Over the past eight months, I have been working extensively with looped transformer models for ARC-AGI. The goal, broadly, is to bridge the gap between machine and human-level reasoning: to build systems that can generalize the way we do. Spending this much time thinking about that gap will inevitably make you start asking what the gap actually is. How is human reasoning and expression fundamentally different from machines?
That question led me to Neil Lawrence's Living Together: Mind and Machine Intelligence, and I think his framing is one of the most clarifying I've come across.
The embodiment gap
Lawrence has a useful framing: instead of asking how intelligent machines are, ask about their embodiment factor: the ratio between how much they can compute and how much they can communicate.
For humans, this ratio is enormous. We process something on the order of an exaflop internally, but can only communicate at around 100 bits per second.† We are bottlenecked. Everything we think stays mostly inside us; what we share is a tiny, carefully compressed signal. Lawrence argues this constraint is actually foundational to how human intelligence works. We evolved to infer, to read intent, to predict what others will do, precisely because we can't just broadcast our full internal state to one another.

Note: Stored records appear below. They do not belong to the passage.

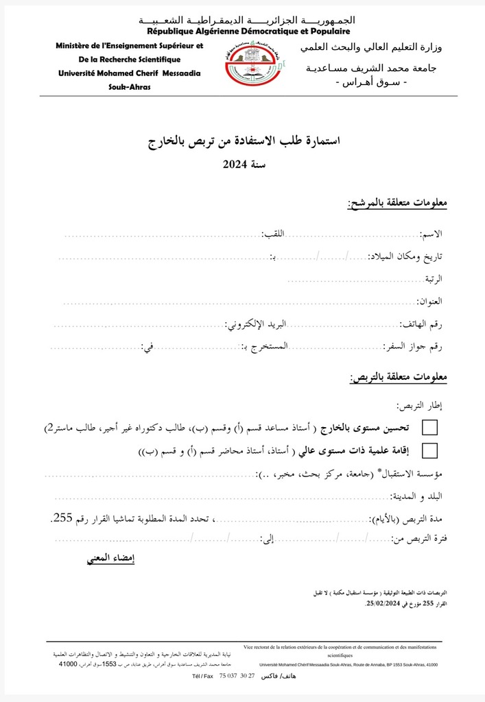 – تجدون مرفقا استمارة طلب التربص بالاضافة الى رابط الترشح الالكتروني للراغبين في الاستفادة من تربص بالخارج لسنة 2024
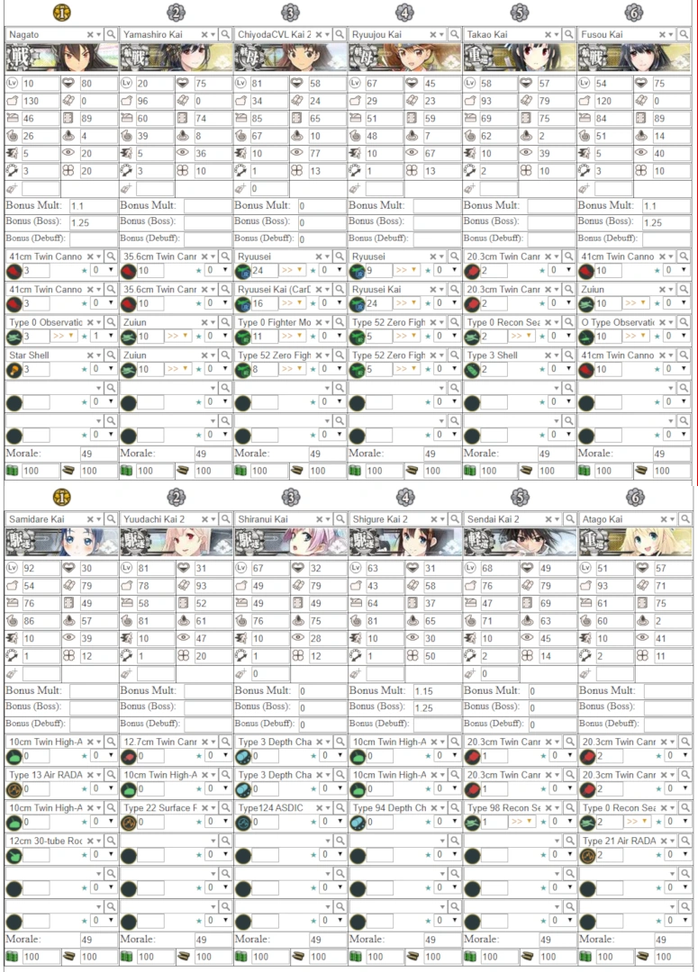 - 야간전 장비 : 조명탄은 확실히 도움이 되고, 탐조등은 도움도 되지만 방해도 된다. 도중 야간전방이 있는 해역에서 탐조등을 장착할 경우 상대의 컷인 확률을 더 낮출 수 있고 기함에 탐조등을 장착하면 기함보호로 공격이 몰릴 가능성을 조금 낮춰 줄 수 있지만 동시에 기함이 대파당할 가능성도 높기 때문. 야간정찰기는 애매한데, 도중 야간전방에서는 야간접촉이 가능하겠지만 보스방은 야간전으로 시작하고 주간전으로 가봤자 제공권을 딸 수 없다. 그러나 일부러 도중 야간전방에서의 디메리트를 감수하고 항모를 끌고 가서 공략에 성공한 경우도 있었기 때문에 어떻게 될 지는 알 수 없다.
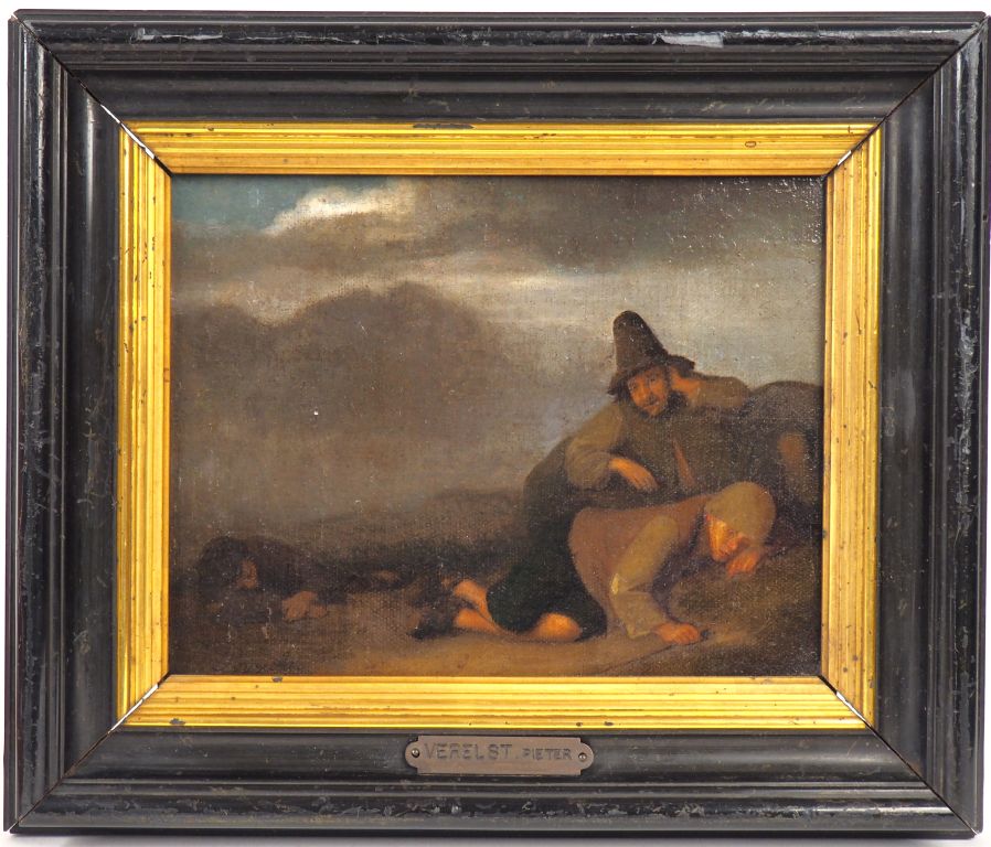 Pieter Hermansz VERELST (Dordrecht 1608 - 1675) "Repos de paysans" Toile marouflée sur panneau de chêne Hauteur : 18,5 cm Largeur : 22,6 cm Signé en bas à gauche P.Verelst. Expert : Cabinet Turquin - Stéphane Pinta 01.47.03.48.78
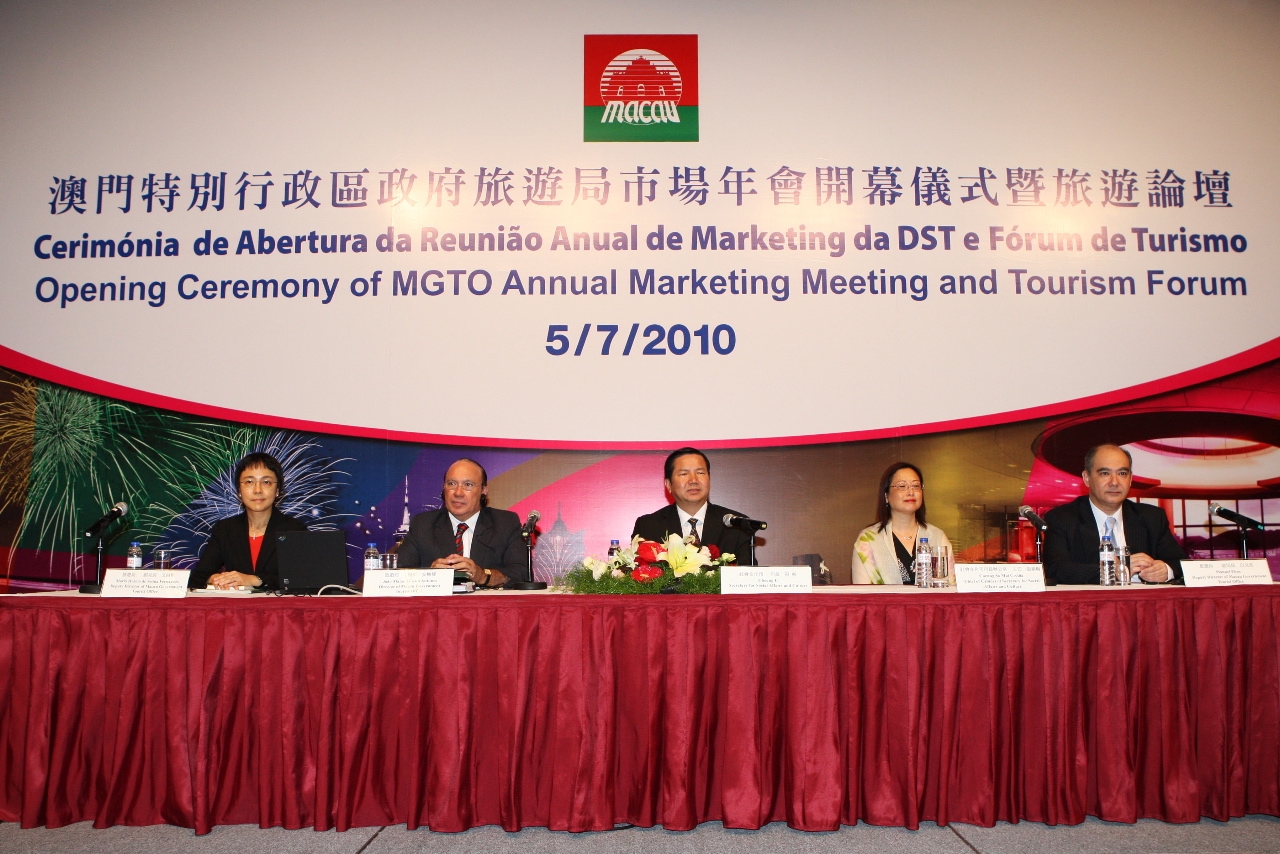 Macau Government Tourist Office’s Annual Marketing Meeting and Tourism Forum kicked off this morning (July 5) at the Macau Tower Convention and Entertainment Center. Secretary for Social Affairs and Culture Cheong U was present at the opening ceremony and delivered the opening speech. MGTO invited speakers from various departments to the Tourism Forum - “Connecting History and the Future: New Opportunities for Macau’s Tourism Development” which was attended by 300 travel trade representatives.
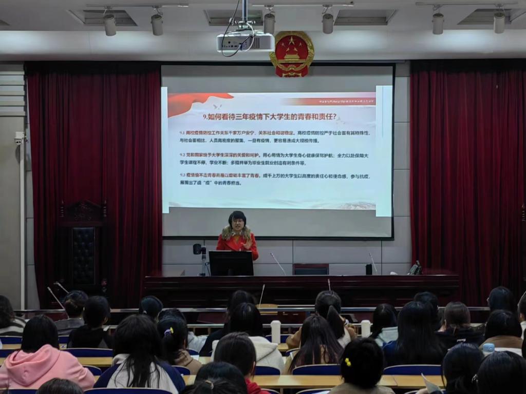 广大思政课教师从国家疫情防控政策优化调整、国家经济发展形势、大学生就业形势、回归常态化校园学习生活等方面,深入解读国家的大政方针和党的执政理念,回应大家普遍关注的主要问题、存在的思想困惑和实际需求,教育引导广大青年坚定理想信念、锤炼过硬本领、涵养为民情怀,立志做有理想、敢担当、能吃苦、肯奋斗的新时代好青年,推动学校“时代新人铸魂工程”落地落实落细。
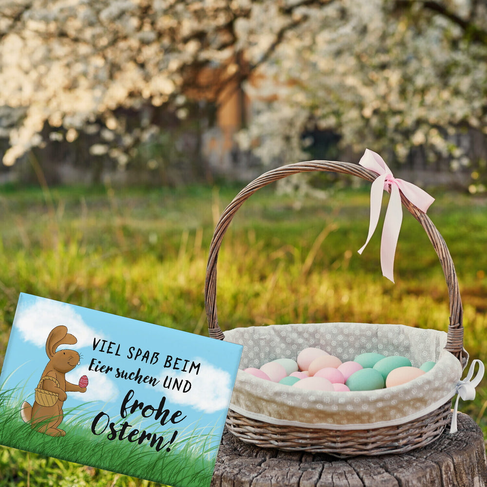 - Auf dem Magneten steht der Spruch: Viel Spaß beim Eier Suchen und frohe Ostern. Als Motiv ist ein brauner Hase mit Korb und Osterei inmitten einer Wiesenlandschaft zu sehen.
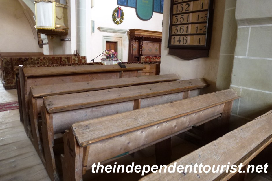 Harman Fortified Church_Harman Romania (11) ← Previous Next → The men would sit in these side pews to protect the women.
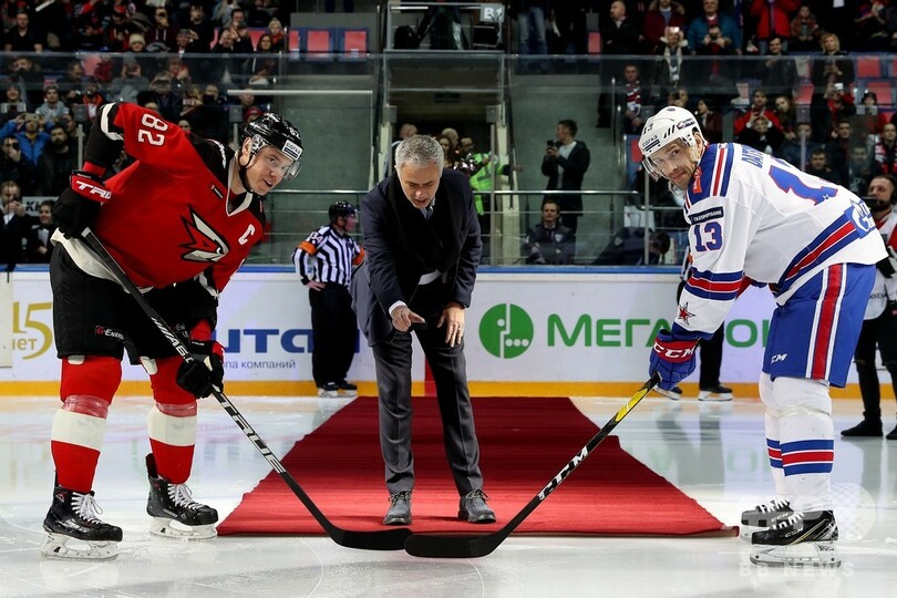 モウリーニョ氏はこの日、KHLのアバンガルド・オムスク(Avangard Omsk)からプロモーションイベントに招待され、同チーム対SKAサンクトペテルブルク(SKA Saint Petersburg)の試合前に写真にサインをした。

Machines have the opposite problem. A large model can push gigabits of data per second, but its compute relative to that bandwidth is comparatively small. It doesn't have an interior that dwarfs its exterior. In some sense, it has no inside.
The more unsettling point Lawrence makes: the real risk isn't a conscious machine that decides to harm us. It's a non-conscious system, one with no moral reasoning, no sense of stakes, operating at scale, quietly shaping behavior and preferences without anyone deliberating about whether it should. The danger isn't the machine that thinks. It's the one that doesn't.